Le Gabon veut désormais transformer ce qu’il extrait. À Nairobi, dans les coulisses du sommet Africa Forward Summit 2026, Brice Clotaire Oligui Nguema a donné une nouvelle démonstration de sa stratégie économique : faire basculer le pays d’un modèle d’exportation brute vers une logique d’industrialisation locale. Face à lui, la direction du groupe Eramet est venue acter une série d’engagements désormais présentés comme prioritaires pour l’avenir du partenariat franco-gabonais.
La rencontre avec Christel Bories n’avait rien d’un échange protocolaire. Elle s’inscrit dans la continuité du dialogue stratégique engagé lors de la visite d’Emmanuel Macron à Libreville en novembre 2025, au cours de laquelle un mécanisme de suivi conjoint avait été instauré autour du dossier du manganèse. Mais à Nairobi, le temps des intentions semble désormais dépassé. Libreville réclame des résultats concrets, des calendriers précis et une accélération de la transformation locale des ressources gabonaises.
Les déclarations publiques de Christel Bories ont donné la mesure de cette inflexion. « Il y aura de la transformation de minerai de manganèse au Gabon », a affirmé la dirigeante française devant la presse, ajoutant qu’Compagnie Minière de l’Ogooué et Eramet travaillent « d’arrache-pied » à la mise en œuvre de ces projets. Plus encore, elle a reconnu que « les intentions » comme « le calendrier » avaient été arrêtés avec les autorités gabonaises. Une manière d’officialiser l’existence d’un pilotage politique étroit du dossier par la présidence gabonaise.
Derrière ce projet industriel se joue une transformation plus profonde du logiciel économique gabonais. Le pouvoir entend désormais capter une part plus importante de la valeur ajoutée générée par ses matières premières. Cette stratégie repose sur trois leviers : industrialiser localement, intégrer les chaînes mondiales de valeur et renforcer les infrastructures nationales. Dans cette architecture, le Complexe métallurgique de Moanda devient une pièce centrale, tandis que le Transgabonais apparaît comme l’ossature logistique indispensable à cette montée en gamme industrielle.

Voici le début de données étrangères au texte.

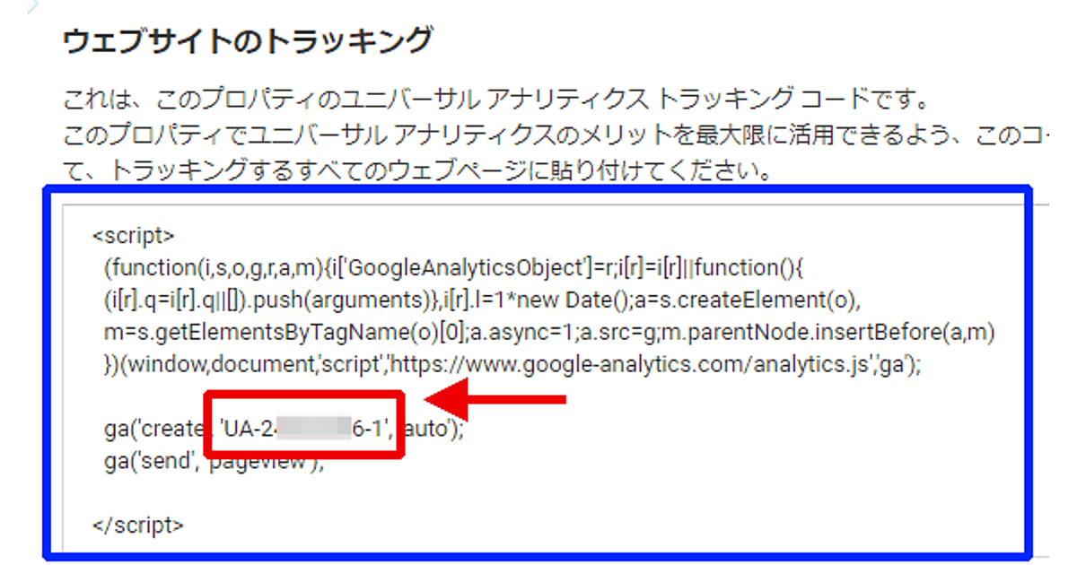 計測対象となるサイトを新規登録するためにプロパティを作成すると、そのサイトを計測するための固有の番号(トラッキングID、図1赤枠部分)が付与され、トラッキングコードが発行される(図1青枠部分)。サイトを新規登録する手順については連載の第2回で解説している。
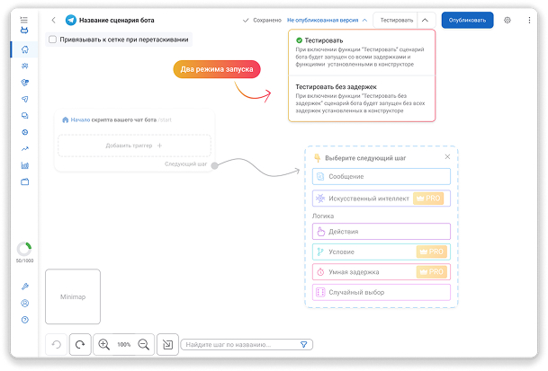 Конструктор для создания чат-ботов и автоматизированных воронок продаж без навыков программирования
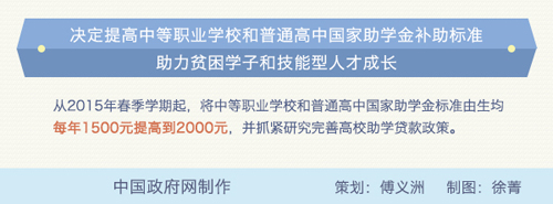 新华网北京2月25日电(记者 刘奕湛)25日召开的国务院常务会议指出,从2015年春季学期起,将中等职业学校和普通高中国家助学金标准由生均每年1500元提高到2000元,并抓紧研究完善高校助学贷款政策。

À Nairobi, une nouvelle phase de financement des travaux de modernisation du réseau ferroviaire a ainsi été confirmée. Pour Christel Bories, cette infrastructure est « absolument vitale pour le Gabon et pour son économie ». Au-delà des annonces, la séquence kényane traduit surtout un changement de rapport de force. Le Gabon ne veut plus seulement accueillir des opérateurs miniers internationaux ; il cherche désormais à orienter leur stratégie selon ses propres priorités de souveraineté économique. À travers le manganèse, Brice Clotaire Oligui Nguema tente de poser les bases d’une doctrine industrielle appelée à dépasser largement le seul secteur minier.